Robotics and AI vision company

Orbbec (officially Orbbec Inc.) is a Chinese technology company specializing in the design and manufacture of 3D vision sensors, AI algorithms, and visual perception solutions. Founded in 2013 and headquartered in Shenzhen, China, with significant operations in Troy, Michigan, the company produces a wide range of hardware including structured light, Time of Flight (ToF), LiDAR, and stereo vision cameras. Its technology is widely integrated into diverse industries such as robotics, logistics, healthcare, and retail to enable advanced spatial mapping and human-machine interaction.

==History==

Howard Huang, an engineer working in postdoctoral academic research, founded Orbbec in 2013 with hopes of extending his research into real-world applications. Now in his forties, Huang is the company's largest shareholder, with 27% ownership of the multi-billion dollar firm.

The company's initial success came in 2017 when it signed a deal with Ant Group to integrate its 3D vision cameras into a facial recognition system for payment transactions with Alipay.
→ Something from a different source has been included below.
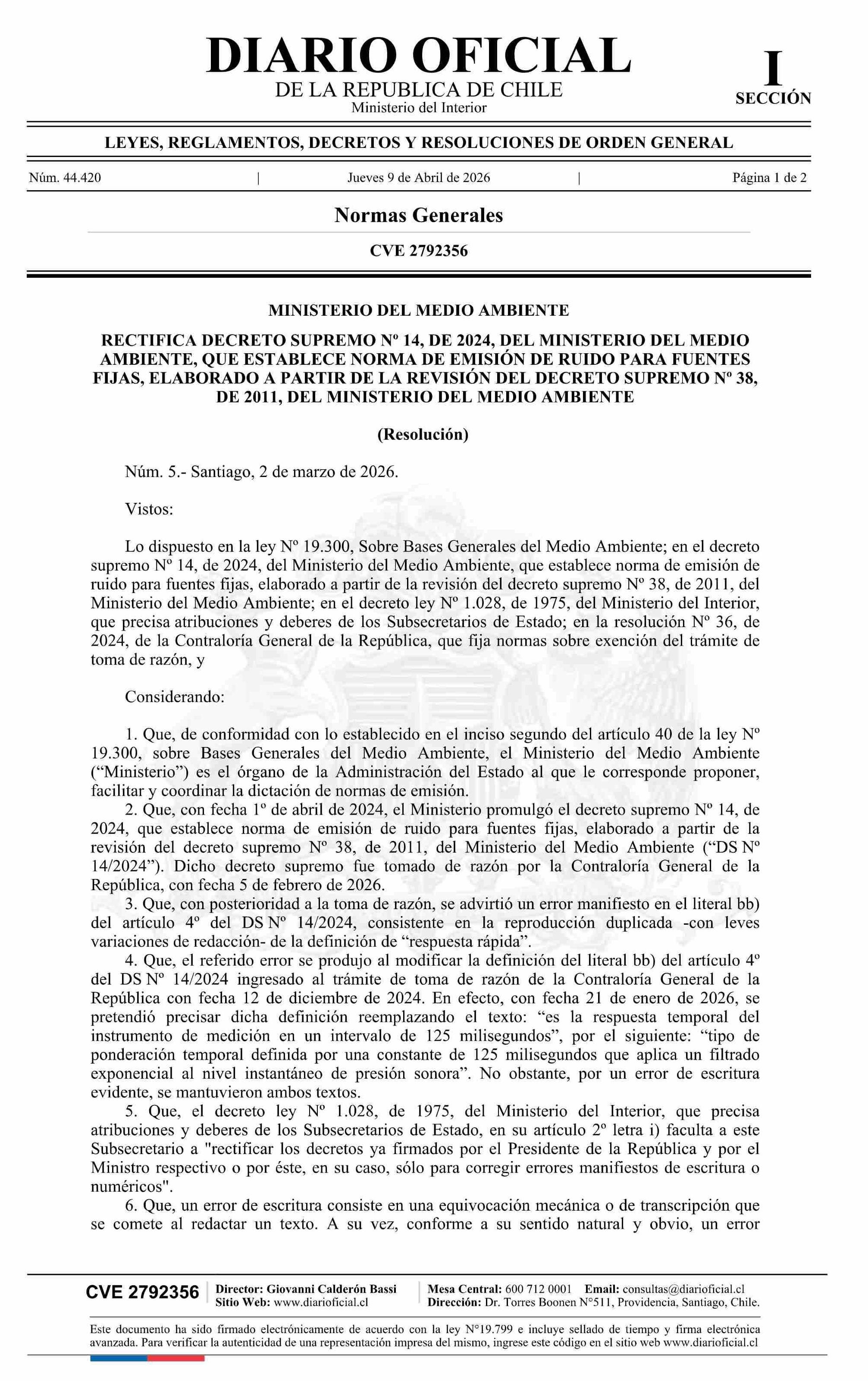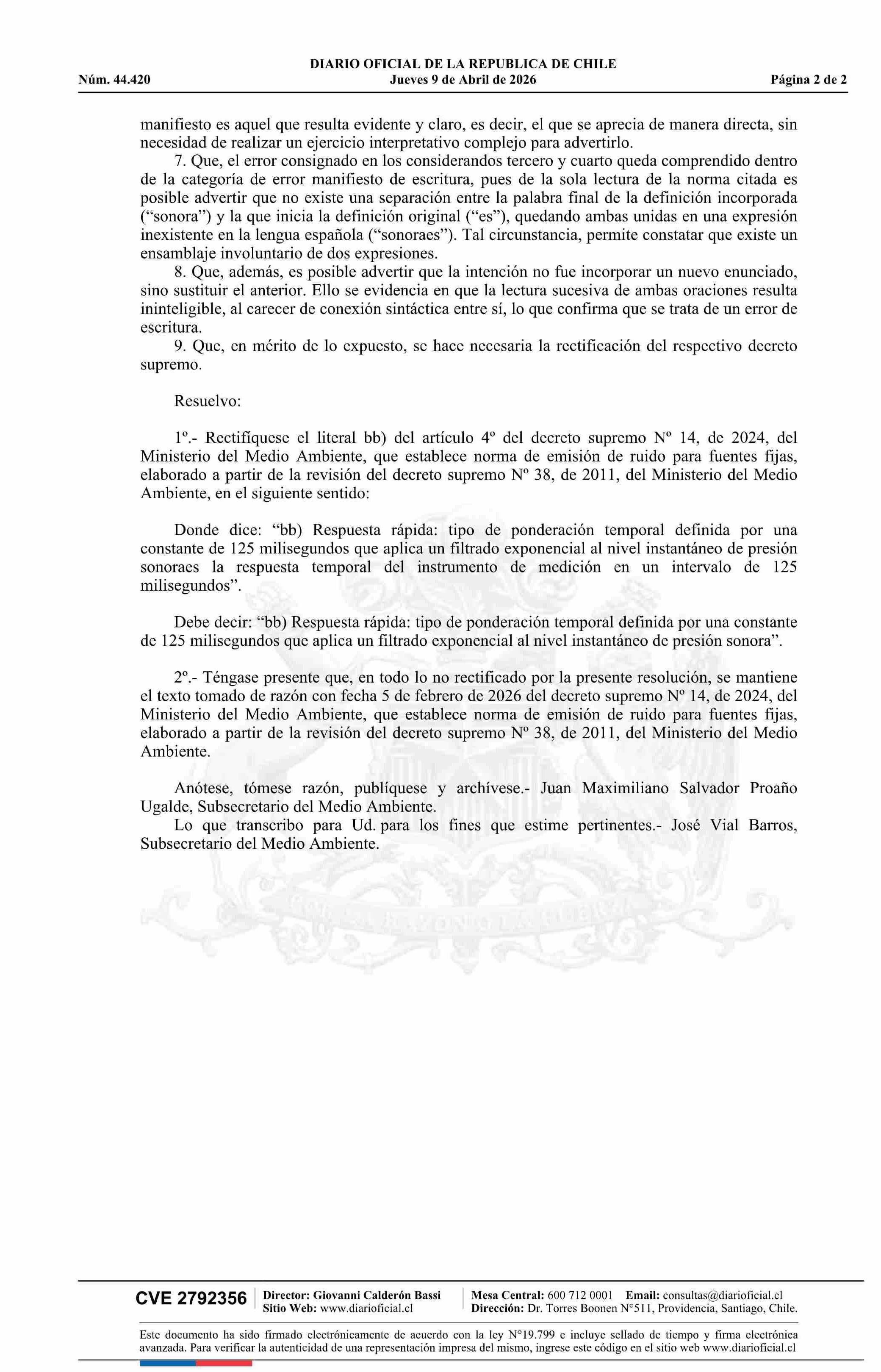 MINISTERIO DEL MEDIO AMBIENTE 09-04-2026 Diario Oficial Edición Electrónica |

In 2018, the company secured a deal with Chinese maker of smartphones Oppo to enable the first Android with 3D facial recognition for biometric authentication.

In 2025, Orbbec received some attention for its role in providing the "eyes" in a bipedal robot called Tien Kung Ultra, which won a 100-meter race against many other robotic competitors at the World Humanoid Robot Games. The company is projected to expand significantly in the global robotics market, with the first nine months of 2025 transitioning to a $9.8 million net profit, after the previous year of more-than-equivalent losses.